AIM OF THE EXERCISE:
Wherever the string "Kiwi" turns up in the data, copy the whole line.
====================
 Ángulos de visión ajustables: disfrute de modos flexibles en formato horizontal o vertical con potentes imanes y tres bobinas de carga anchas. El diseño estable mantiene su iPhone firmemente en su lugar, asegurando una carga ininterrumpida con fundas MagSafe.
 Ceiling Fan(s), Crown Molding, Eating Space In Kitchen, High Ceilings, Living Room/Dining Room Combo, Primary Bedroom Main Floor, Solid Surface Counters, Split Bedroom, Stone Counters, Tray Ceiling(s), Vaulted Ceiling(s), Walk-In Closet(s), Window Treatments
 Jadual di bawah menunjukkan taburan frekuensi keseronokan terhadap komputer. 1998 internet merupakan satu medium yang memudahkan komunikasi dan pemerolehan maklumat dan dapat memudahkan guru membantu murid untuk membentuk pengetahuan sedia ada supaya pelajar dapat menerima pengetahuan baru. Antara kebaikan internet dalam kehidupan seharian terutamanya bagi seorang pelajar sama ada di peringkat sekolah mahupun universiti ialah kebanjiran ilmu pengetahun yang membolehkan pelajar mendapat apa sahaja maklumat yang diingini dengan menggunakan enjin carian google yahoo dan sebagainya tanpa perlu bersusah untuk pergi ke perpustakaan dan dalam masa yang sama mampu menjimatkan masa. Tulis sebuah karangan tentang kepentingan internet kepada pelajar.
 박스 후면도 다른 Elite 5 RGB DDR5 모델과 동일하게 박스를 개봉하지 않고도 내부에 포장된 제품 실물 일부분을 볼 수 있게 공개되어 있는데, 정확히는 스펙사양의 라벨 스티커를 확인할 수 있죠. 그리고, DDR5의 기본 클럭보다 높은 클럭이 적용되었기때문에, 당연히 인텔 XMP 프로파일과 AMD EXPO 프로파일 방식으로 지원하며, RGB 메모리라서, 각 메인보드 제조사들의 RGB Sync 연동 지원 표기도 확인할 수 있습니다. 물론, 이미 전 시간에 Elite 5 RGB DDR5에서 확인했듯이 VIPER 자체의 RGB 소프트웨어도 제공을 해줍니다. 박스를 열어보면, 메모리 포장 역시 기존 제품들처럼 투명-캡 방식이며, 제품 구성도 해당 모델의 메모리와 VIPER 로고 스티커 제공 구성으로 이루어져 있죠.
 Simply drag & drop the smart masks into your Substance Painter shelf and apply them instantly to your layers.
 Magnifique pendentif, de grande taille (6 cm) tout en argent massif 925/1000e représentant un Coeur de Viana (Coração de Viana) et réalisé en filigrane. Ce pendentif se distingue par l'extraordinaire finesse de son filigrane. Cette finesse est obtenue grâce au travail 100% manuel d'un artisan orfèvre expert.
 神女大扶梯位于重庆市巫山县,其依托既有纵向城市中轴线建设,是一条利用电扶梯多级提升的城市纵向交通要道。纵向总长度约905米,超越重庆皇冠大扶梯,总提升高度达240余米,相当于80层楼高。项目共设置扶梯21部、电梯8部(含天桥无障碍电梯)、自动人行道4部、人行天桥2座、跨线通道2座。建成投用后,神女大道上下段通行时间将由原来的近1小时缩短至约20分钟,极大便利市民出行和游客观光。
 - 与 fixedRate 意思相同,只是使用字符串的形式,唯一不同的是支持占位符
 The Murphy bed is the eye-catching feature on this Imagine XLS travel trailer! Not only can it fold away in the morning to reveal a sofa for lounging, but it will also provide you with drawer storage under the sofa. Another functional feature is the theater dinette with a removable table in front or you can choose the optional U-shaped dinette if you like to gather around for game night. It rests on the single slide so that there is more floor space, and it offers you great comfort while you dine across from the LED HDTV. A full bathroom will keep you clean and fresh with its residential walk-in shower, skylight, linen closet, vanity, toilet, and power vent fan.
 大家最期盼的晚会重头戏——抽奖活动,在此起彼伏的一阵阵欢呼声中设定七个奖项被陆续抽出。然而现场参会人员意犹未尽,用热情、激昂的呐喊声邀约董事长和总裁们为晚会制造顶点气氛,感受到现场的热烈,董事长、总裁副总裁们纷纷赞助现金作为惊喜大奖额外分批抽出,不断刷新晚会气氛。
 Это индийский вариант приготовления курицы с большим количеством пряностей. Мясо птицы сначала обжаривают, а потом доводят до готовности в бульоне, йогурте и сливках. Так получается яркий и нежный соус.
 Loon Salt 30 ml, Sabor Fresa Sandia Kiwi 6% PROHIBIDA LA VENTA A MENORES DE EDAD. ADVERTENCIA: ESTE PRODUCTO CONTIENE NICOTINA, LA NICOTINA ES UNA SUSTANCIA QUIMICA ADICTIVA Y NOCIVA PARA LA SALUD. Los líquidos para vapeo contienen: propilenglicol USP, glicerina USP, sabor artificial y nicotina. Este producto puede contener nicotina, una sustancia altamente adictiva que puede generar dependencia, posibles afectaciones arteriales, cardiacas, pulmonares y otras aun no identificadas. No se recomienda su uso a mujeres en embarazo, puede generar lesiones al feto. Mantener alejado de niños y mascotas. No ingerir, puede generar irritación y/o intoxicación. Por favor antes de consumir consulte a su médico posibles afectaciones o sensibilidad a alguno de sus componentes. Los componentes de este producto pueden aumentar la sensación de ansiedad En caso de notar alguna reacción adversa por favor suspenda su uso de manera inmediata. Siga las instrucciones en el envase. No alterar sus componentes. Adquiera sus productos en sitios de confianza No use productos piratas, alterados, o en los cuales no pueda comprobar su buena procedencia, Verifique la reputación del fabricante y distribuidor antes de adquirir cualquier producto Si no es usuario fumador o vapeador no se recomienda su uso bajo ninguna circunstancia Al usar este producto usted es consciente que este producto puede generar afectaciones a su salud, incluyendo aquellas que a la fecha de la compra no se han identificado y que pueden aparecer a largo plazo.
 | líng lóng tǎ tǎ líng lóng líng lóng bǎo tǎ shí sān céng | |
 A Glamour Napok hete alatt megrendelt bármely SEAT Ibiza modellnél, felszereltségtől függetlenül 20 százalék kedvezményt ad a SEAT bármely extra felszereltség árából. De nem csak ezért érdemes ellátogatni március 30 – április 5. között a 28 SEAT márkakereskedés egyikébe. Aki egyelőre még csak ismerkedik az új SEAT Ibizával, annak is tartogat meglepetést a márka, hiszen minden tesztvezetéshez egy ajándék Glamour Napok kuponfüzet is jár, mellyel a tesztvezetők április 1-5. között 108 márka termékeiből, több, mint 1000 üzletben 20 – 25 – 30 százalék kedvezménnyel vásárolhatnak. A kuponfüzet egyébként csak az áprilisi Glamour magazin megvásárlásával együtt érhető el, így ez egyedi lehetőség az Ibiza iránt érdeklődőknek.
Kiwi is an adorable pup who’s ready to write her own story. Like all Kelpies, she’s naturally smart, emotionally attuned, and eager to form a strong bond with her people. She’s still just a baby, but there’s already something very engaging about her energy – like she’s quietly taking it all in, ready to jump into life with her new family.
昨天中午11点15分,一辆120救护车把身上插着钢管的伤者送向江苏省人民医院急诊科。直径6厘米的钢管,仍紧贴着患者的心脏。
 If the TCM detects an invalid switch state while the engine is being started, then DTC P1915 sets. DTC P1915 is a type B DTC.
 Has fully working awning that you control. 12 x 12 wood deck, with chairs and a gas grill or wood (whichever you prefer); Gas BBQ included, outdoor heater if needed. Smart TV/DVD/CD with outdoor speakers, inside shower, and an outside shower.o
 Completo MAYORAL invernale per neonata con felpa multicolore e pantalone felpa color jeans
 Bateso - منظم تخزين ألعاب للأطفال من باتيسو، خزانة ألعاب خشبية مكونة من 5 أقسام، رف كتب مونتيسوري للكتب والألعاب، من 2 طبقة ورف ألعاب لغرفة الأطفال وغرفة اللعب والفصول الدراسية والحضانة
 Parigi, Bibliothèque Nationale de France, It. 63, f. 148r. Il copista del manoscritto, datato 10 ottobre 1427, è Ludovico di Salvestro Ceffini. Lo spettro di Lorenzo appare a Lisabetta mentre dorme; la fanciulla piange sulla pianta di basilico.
====================
ANSWER SECTION:
 Loon Salt 30 ml, Sabor Fresa Sandia Kiwi 6% PROHIBIDA LA VENTA A MENORES DE EDAD. ADVERTENCIA: ESTE PRODUCTO CONTIENE NICOTINA, LA NICOTINA ES UNA SUSTANCIA QUIMICA ADICTIVA Y NOCIVA PARA LA SALUD. Los líquidos para vapeo contienen: propilenglicol USP, glicerina USP, sabor artificial y nicotina. Este producto puede contener nicotina, una sustancia altamente adictiva que puede generar dependencia, posibles afectaciones arteriales, cardiacas, pulmonares y otras aun no identificadas. No se recomienda su uso a mujeres en embarazo, puede generar lesiones al feto. Mantener alejado de niños y mascotas. No ingerir, puede generar irritación y/o intoxicación. Por favor antes de consumir consulte a su médico posibles afectaciones o sensibilidad a alguno de sus componentes. Los componentes de este producto pueden aumentar la sensación de ansiedad En caso de notar alguna reacción adversa por favor suspenda su uso de manera inmediata. Siga las instrucciones en el envase. No alterar sus componentes. Adquiera sus productos en sitios de confianza No use productos piratas, alterados, o en los cuales no pueda comprobar su buena procedencia, Verifique la reputación del fabricante y distribuidor antes de adquirir cualquier producto Si no es usuario fumador o vapeador no se recomienda su uso bajo ninguna circunstancia Al usar este producto usted es consciente que este producto puede generar afectaciones a su salud, incluyendo aquellas que a la fecha de la compra no se han identificado y que pueden aparecer a largo plazo.
Kiwi is an adorable pup who’s ready to write her own story. Like all Kelpies, she’s naturally smart, emotionally attuned, and eager to form a strong bond with her people. She’s still just a baby, but there’s already something very engaging about her energy – like she’s quietly taking it all in, ready to jump into life with her new family.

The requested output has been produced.